This time I included a bunch of pretty trend lines. Most of the time I just visualize the trend lines as I hate drawing them out.  Trend lines are so abused that I would rather not use them, but I find parallel lines far more useful than drawing out every little wedge.  I can count down 7 waves which can be part of a diagonal wave structure, or a correction.  We just had a gap open up, and my bet is that this gap above, will get filled sooner than later. There may be two more open gaps far above present prices, and gaps can act as a magnet for prices. 

The general public still sees no fear in the markets, as they are about as complacent as we can get. With all the potential turmoil around the world you would figure gold stocks should be soaring.  That will only happen when the USD takes a big rest, and starts to head south again. 

A fast drop like we witnessed usally happens closer to the ends of runs, so the contrarians are buying while the majority display, their emotional dumping of gold stocks.  Gold dropped much further than gold stocks, which is very normal. Don’t bet that gold stocks will catch up with gold itself,  as that was the Wall Street BS they tried to pass off on us, at the 2011 peaks. 

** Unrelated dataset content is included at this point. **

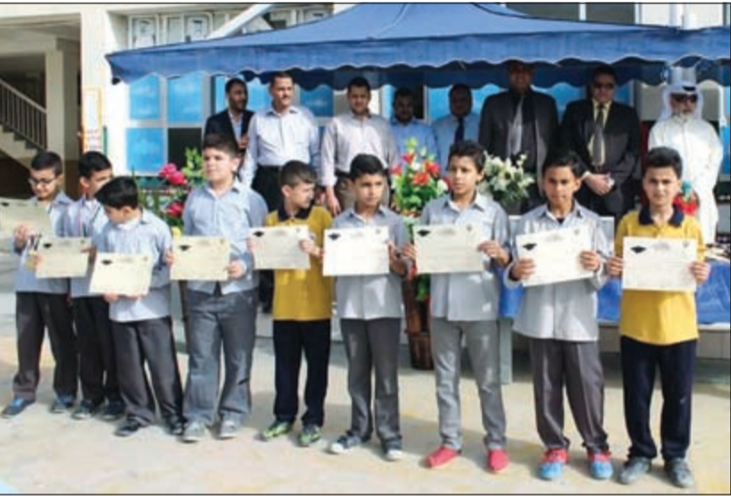
عدد من الطلبة المكرمين

The majority will figure that the “Trump Bump” has destroyed gold stocks, but I believe the opposite will start to happen, surprising all those that are selling in a panic now.  The logic to dump gold stocks when they are just a bit off world record lows, makes no sense to any contrarian as I’m sure that the GTC Ladder Of Orders are kicking in buying gold stock related ETFs. 

If I show you a bearish wave count while the majority are also bearish then without a doubt I will be wrong and we would be forced to chase a trend again. 

The Gold/Gdx ratio has become cheaper again, which is a very good sign. At 59:1, from a bottom of 84:1 I consider gold stocks being rather cheap.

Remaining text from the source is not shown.